The records:
• • • • • • •

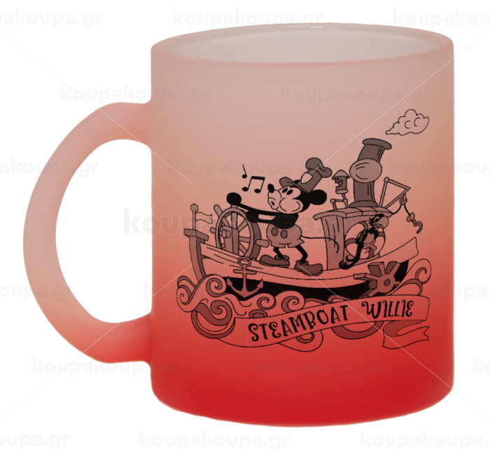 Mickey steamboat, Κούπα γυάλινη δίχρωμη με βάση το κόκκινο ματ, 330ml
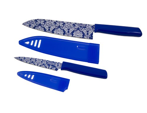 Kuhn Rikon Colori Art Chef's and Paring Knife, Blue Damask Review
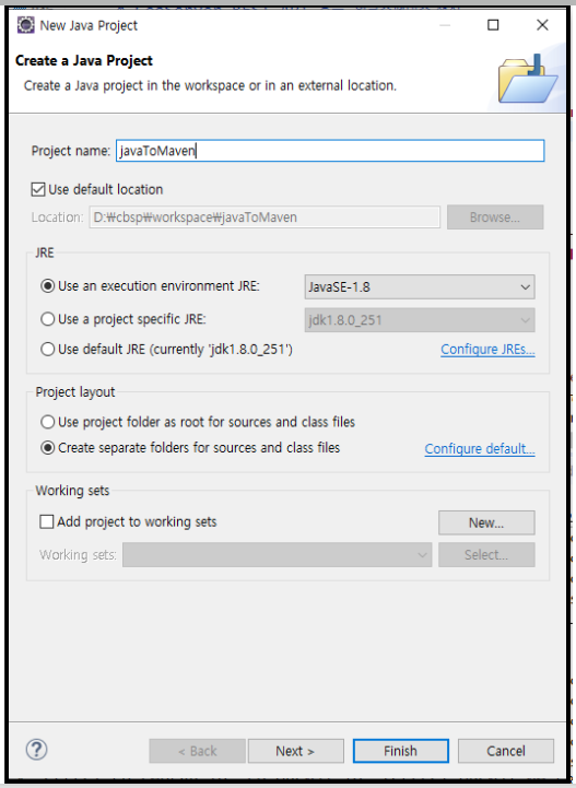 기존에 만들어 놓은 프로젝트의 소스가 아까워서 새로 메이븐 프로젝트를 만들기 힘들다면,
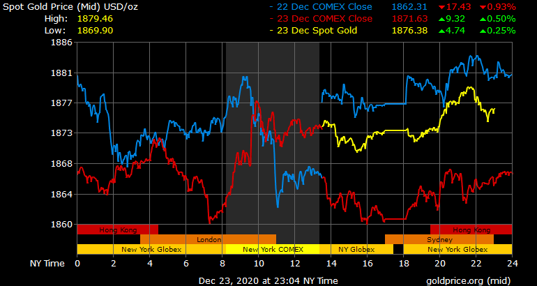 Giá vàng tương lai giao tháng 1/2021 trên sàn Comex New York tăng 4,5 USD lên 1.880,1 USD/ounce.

• • • • • • •

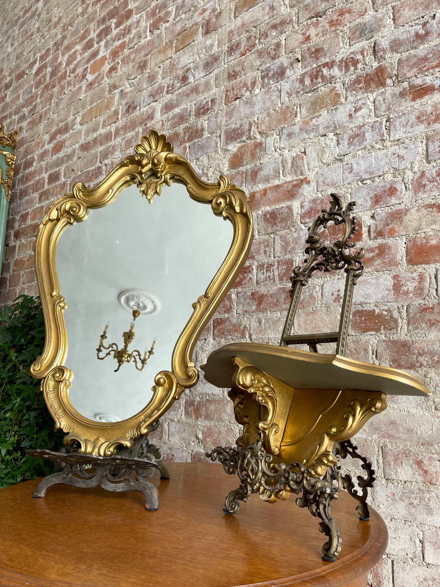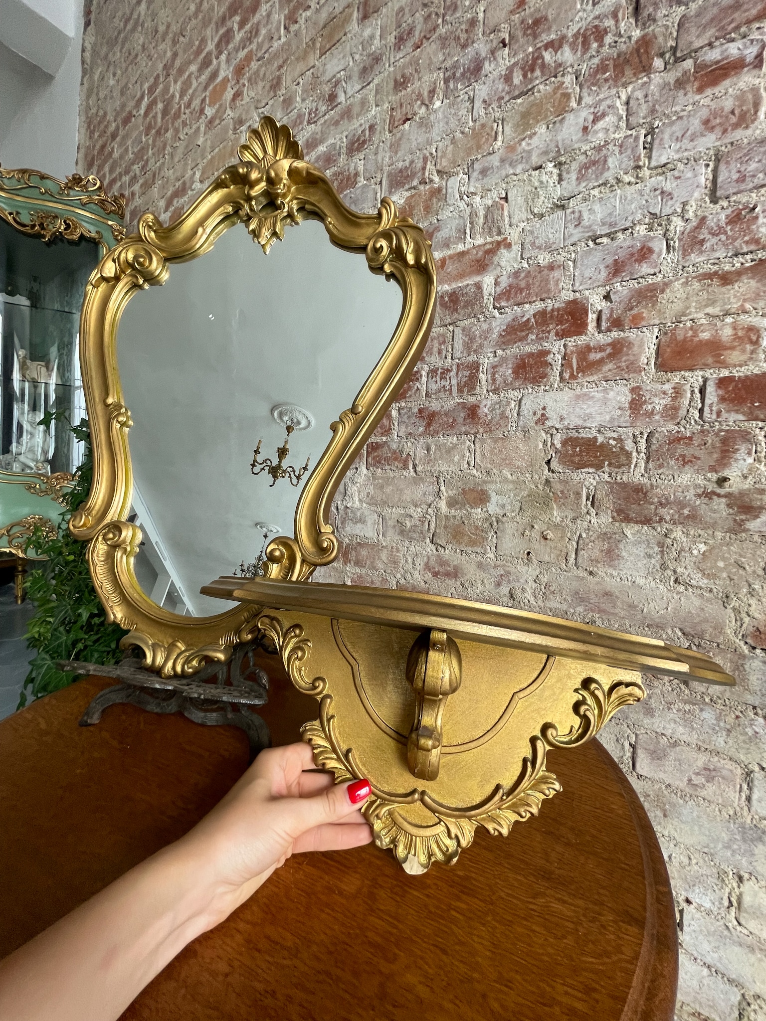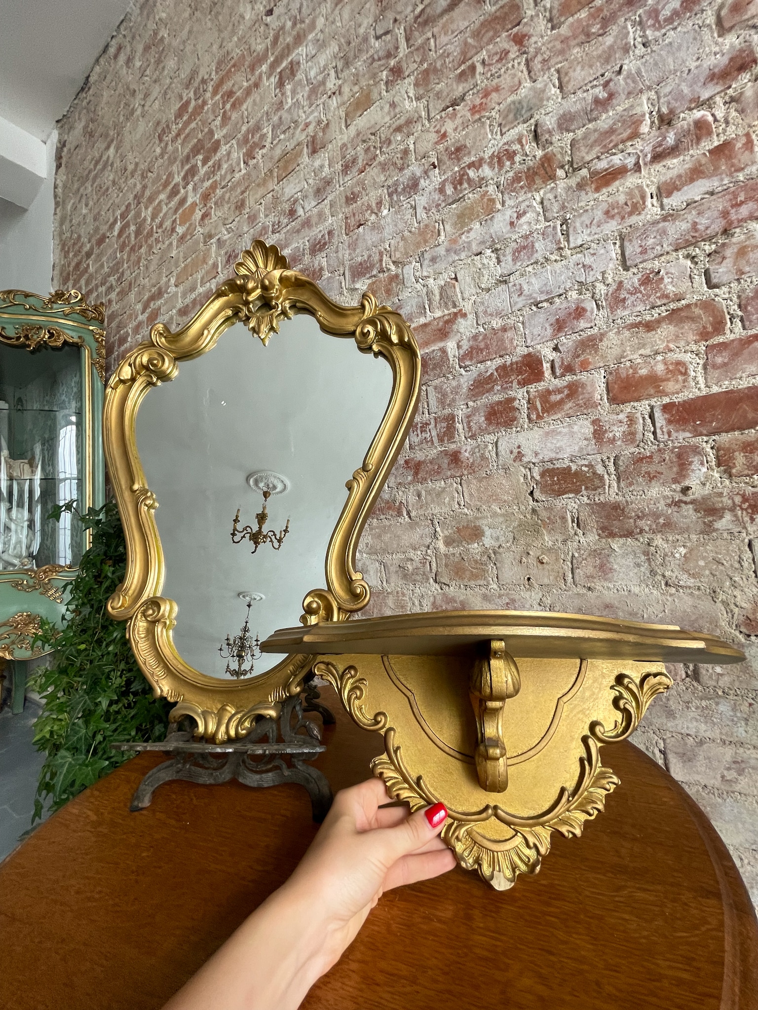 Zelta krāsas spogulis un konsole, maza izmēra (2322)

• • • • • • •

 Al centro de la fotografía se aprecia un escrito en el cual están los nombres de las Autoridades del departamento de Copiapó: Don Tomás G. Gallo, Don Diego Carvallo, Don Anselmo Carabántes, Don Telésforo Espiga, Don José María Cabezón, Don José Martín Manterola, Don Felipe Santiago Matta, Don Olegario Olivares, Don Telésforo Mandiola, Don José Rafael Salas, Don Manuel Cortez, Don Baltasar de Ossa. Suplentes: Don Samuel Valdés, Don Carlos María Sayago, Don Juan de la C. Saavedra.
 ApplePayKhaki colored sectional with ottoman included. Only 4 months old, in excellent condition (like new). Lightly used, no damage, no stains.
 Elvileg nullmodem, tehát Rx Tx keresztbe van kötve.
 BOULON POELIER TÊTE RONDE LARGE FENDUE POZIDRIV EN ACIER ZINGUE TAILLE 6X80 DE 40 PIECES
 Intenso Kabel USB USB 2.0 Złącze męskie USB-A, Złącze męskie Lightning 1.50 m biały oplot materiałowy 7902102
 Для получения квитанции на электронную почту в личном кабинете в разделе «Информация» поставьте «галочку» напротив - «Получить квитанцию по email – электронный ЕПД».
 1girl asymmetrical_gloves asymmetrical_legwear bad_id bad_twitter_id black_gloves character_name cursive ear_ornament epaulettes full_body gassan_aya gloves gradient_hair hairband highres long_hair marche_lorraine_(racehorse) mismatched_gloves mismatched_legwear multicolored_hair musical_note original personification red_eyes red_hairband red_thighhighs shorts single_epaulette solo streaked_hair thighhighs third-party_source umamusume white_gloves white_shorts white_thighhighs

• • • • • • •

Task statement: Reproduce the lines above starting at the one with "Mickey steamboat, Κούπα" and ending at the one with "Giá vàng tương", both included, exactly and with no pictures.

Response to this task:
 Mickey steamboat, Κούπα γυάλινη δίχρωμη με βάση το κόκκινο ματ, 330ml
 Kuhn Rikon Colori Art Chef's and Paring Knife, Blue Damask Review
 기존에 만들어 놓은 프로젝트의 소스가 아까워서 새로 메이븐 프로젝트를 만들기 힘들다면,
 Giá vàng tương lai giao tháng 1/2021 trên sàn Comex New York tăng 4,5 USD lên 1.880,1 USD/ounce.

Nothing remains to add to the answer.